Can you please help provide ways how I can load my google analytics data in biGQuery to Redshift? Can Cloud Function be used for this? or, how do I trigger this from the BigQuery side instead of using a python script to call bigquery?
1 Answer
You can utilise two cloud functions to get the data into S3. Once it's in S3, you can have your own mechanism (e.g. Lambda function) to import the data into Redshift.
Preamble: set up a Stackdriver export trigger
We will trigger our first Cloud Function whenever the latest Google Analytics daily sessions table is available.
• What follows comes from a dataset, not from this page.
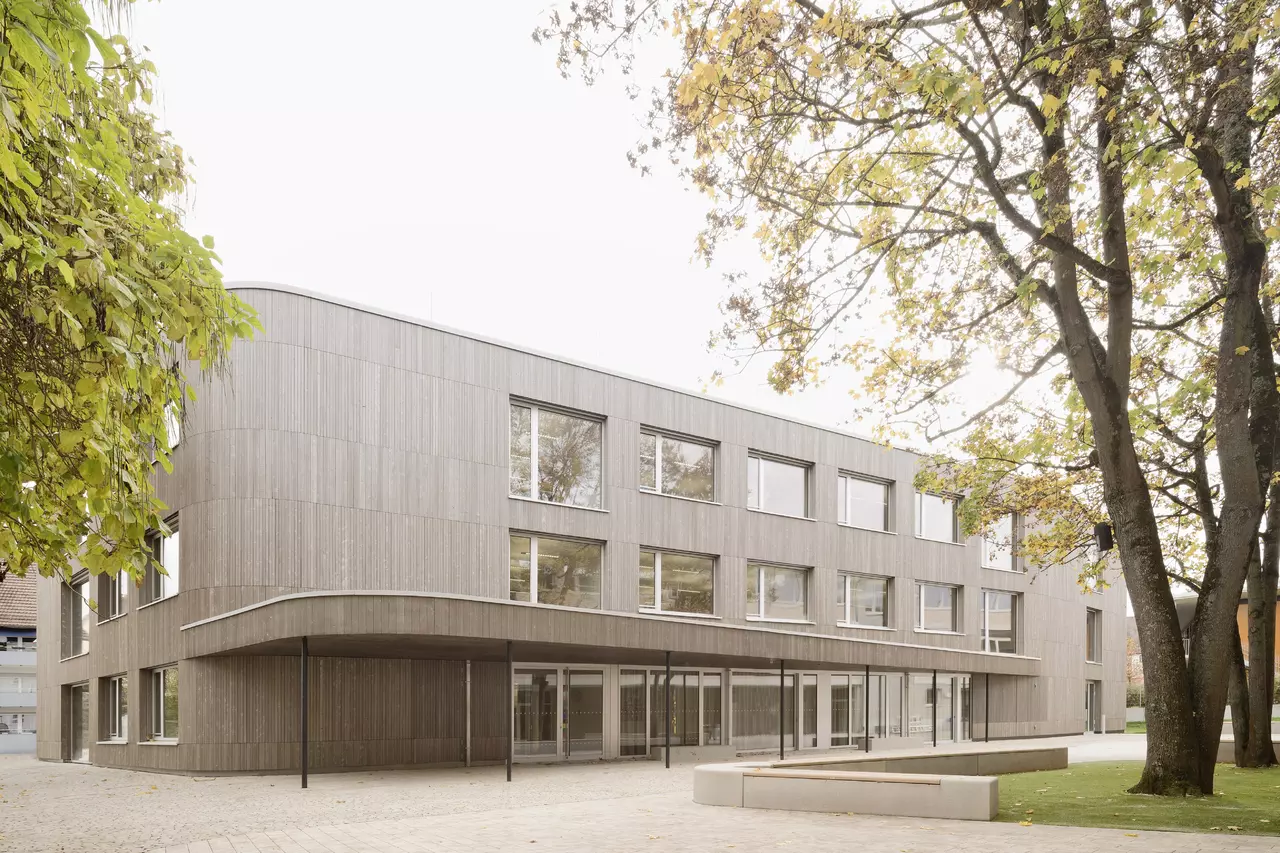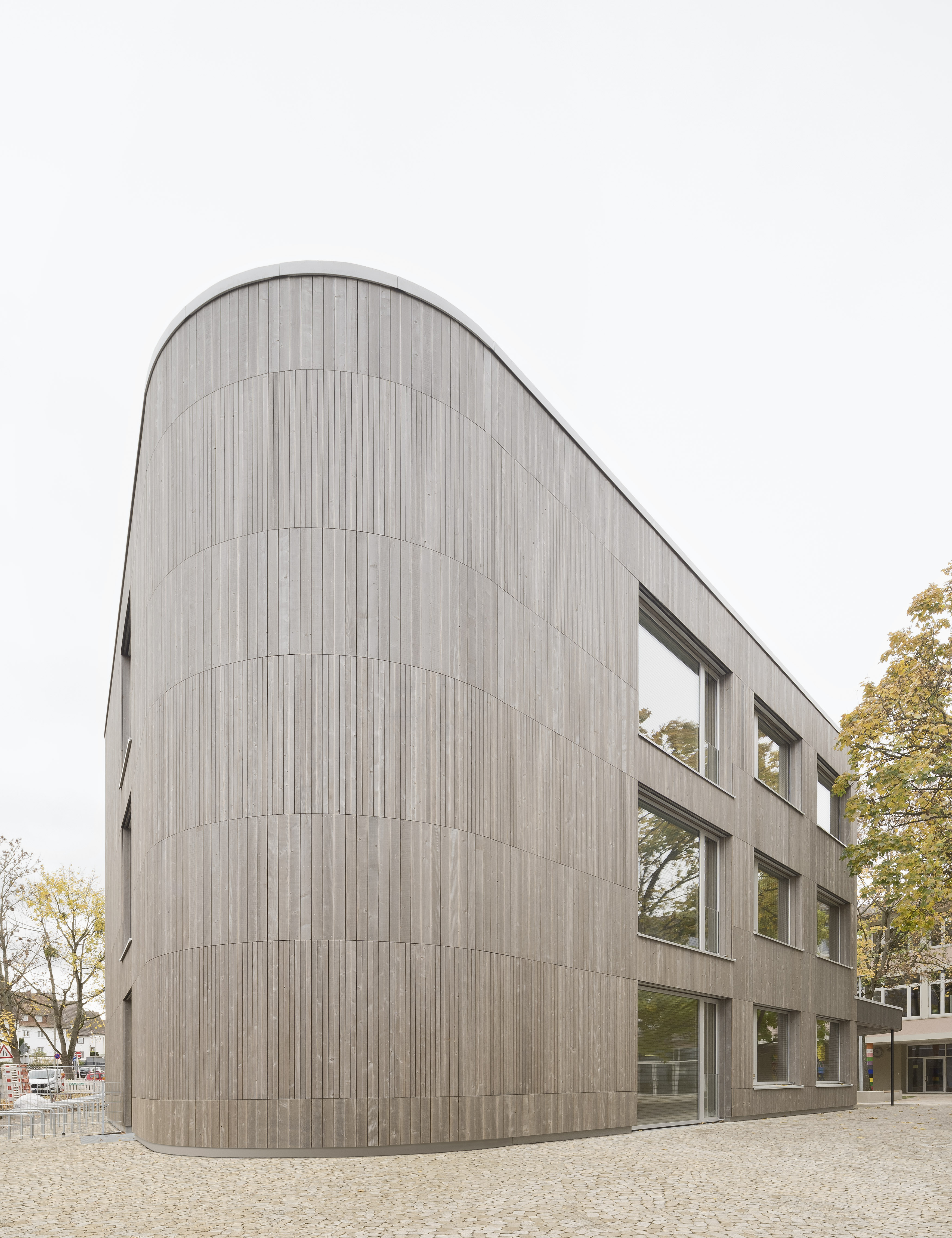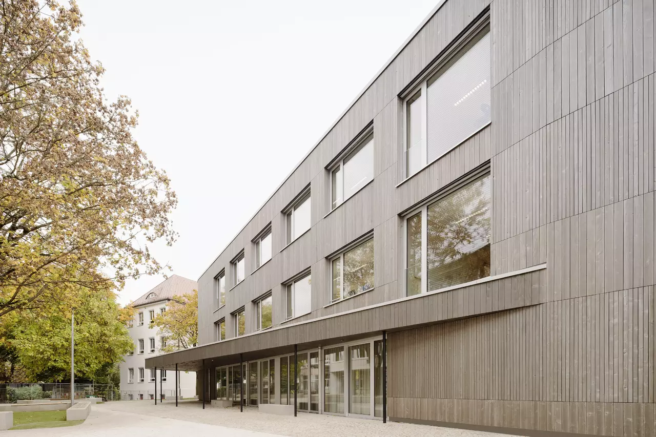 From the outside, the extension presents itself as a combination of large glass areas and closed light grey wooden sections made of silver fir. The vertical wood cladding is structured by horizontal segmentation: wide bands alternate with narrow wooden slats and narrow bands alternate with wide wooden slats, creating a dynamic effect that, in the interplay with the different window formats, forms a differentiated façade. A tapering roof marks the main entrance, which is accessible from the schoolyard. Here, the main staircase adjoins, which stands out in the façade due to its windowless and large rounded shape.

This is done through triggering a Pub/Sub message whenever Stackdriver Logging indicates that the latest table has been loaded. In order to set up this trigger, follow these steps (refer to the "Pub/Sub & Stackdriver" section).
Cloud Function 1: Export BigQuery table
- Trigger: Pub/Sub message for when a new daily table has been loaded
- Workflow
- Export table as JSON (or Avro, Parquet)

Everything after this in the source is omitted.